Changes

Environmental regulators of diapause generally display a characteristic seasonal pattern. In temperate regions, photoperiod is the most reliable cues of seasonal change.[9] Depending on the season in which diapause occurs, either short or long days can act as token stimuli. Insects may also respond to changing day length as well as relative day length. Temperature may also act as a regulating factor, either by inducing diapause or, more commonly, by modifying the response of the insect to photoperiod.[9] Insects may respond to thermoperiod, the daily fluctuations of warm and cold that correspond with night and day, as well as to absolute or cumulative temperature. Food availability and quality may also help regulate diapause. In the desert locust, Schistocerca gregaria, a plant hormone called gibberellin stimulates reproductive development.[14] During the dry season, when their food plants are in senescence and lacking gibberellin, the locusts remain immature and their reproductive tracts do not develop.

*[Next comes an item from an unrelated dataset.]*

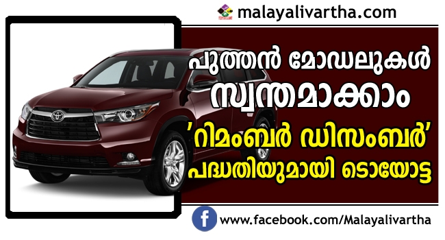 ഉപഭോക്താക്കള്ക്ക് മികച്ച ഓഫറുകളോടെ ടൊയോട്ടയുടെ മോഡലുകള് സ്വന്തമാക്കാന് അവസരം നല്കുന്ന 'റിമംബര് ഡിസംബര്' പദ്ധതിക്ക് തുടക്കമായി. വിലയുടെ 100 ശതമാനം വായ്പാ സൗകര്യം, 4.99 ശതമാനം പലിശയ്ക്ക് വായ്പ തുടങ്ങിയ ഓഫറുകള് ഈ സ്കീം വഴി ലഭിക്കും. 40,000 രൂപ മുതല് 90,000 രൂപവരെ ആനുകൂല്യങ്ങളും നേടാം. ഓഫര് ഡിസംബര് 31ന് സമാപിക്കും.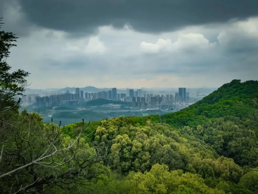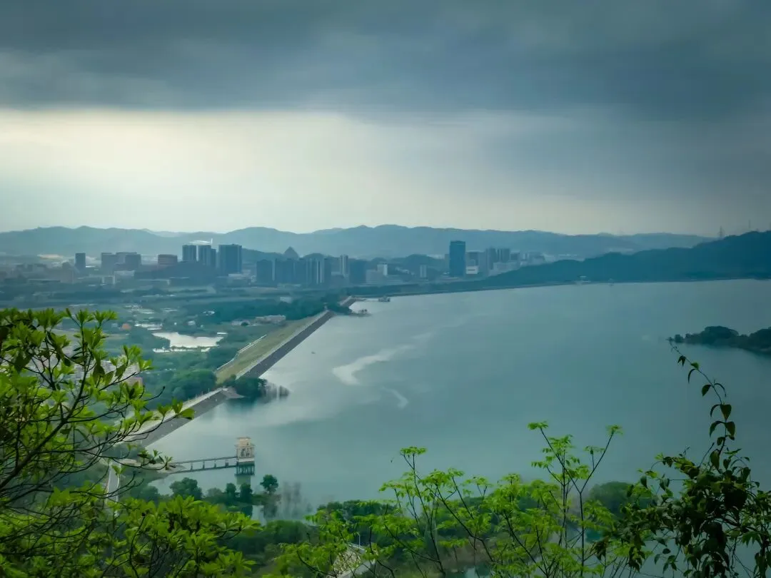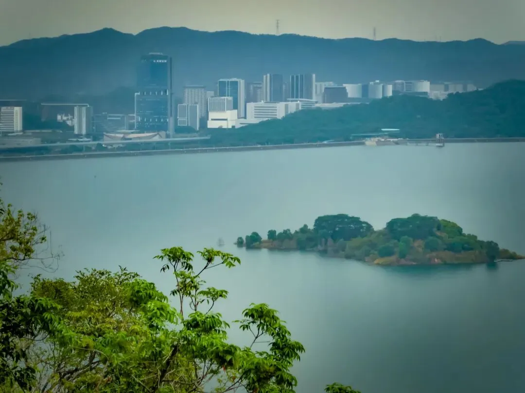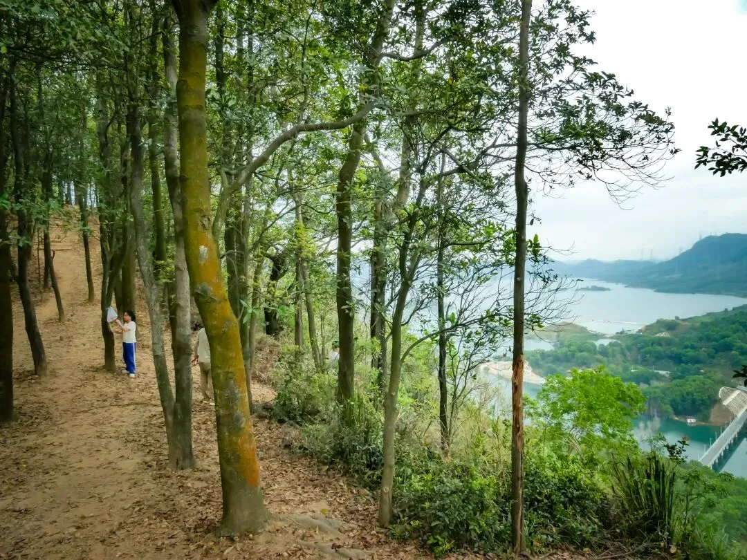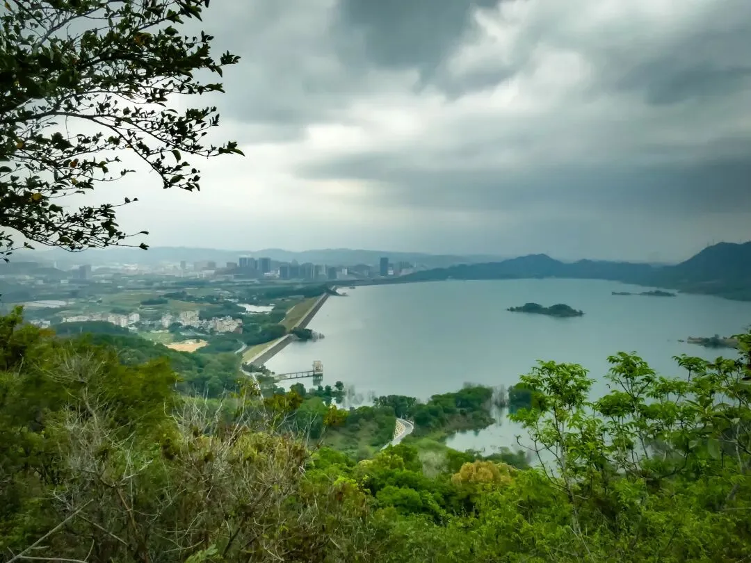 徒步约11公里,目的地蠄蜍石终于出现在眼前。这是一处高耸的石崖,站在其上,整个光明湖水库的壮丽景色一览无余。水库像一块巨大的、温润的翡翠,镶嵌在城市与群山之间,远处的楼宇在薄雾中若隐若现,画面宁静而富有诗意。这里不愧是网红打卡点,出片率极高。

The neuroendocrine system of insects consists primarily of neurosecretory cells in the brain, the corpora cardiaca, corpora allata and the prothoracic glands.[2] There are several key hormones involved in the regulation of diapause: juvenile hormone (JH), diapause hormone (DH), and prothoracicotropic hormone (PTTH).[15]

Prothoracicotropic hormone stimulates the prothoracic glands to produce ecdysteroids that are required to promote development.[15] Larval and pupal diapauses are often regulated by an interruption of this connection, either by preventing release of prothoracicotropic hormone from the brain or by failure of the prothoracic glands to respond to prothoracicotropic hormone.

The corpora allata is responsible for the production of juvenile hormone (JH). In the bean bug, Riptortus pedestris, clusters of neurons on the protocerebrum called the pars lateralis maintain reproductive diapause by inhibiting JH production by the corpora allata.[16] Adult diapause is often associated with the absence of JH, while larval diapause is often associated with its presence.

In adults, absence of JH causes degeneration of flight muscles and atrophy or cessation of development of reproductive tissues, and halts mating behaviour. The presence of JH in larvae may prevent moulting to the next larval instar, though successive stationary moults may still occur.[17] In the corn borer, Diatraea gradiosella, JH is required for the accumulation by the fat body of a storage protein that is associated with diapause.[18]

Diapause hormone regulates embryonic diapause in the eggs of the silkworm moth, Bombyx mori.[19] DH is released from the subesophageal ganglion of the mother and triggers trehalase production by the ovaries. This generates high levels of glycogen in the eggs, which is converted into the polyhydric alcohols glycerol and sorbitol. Sorbitol directly inhibits the development of the embryos. Glycerol and sorbitol are reconverted into glycogen at the termination of diapause.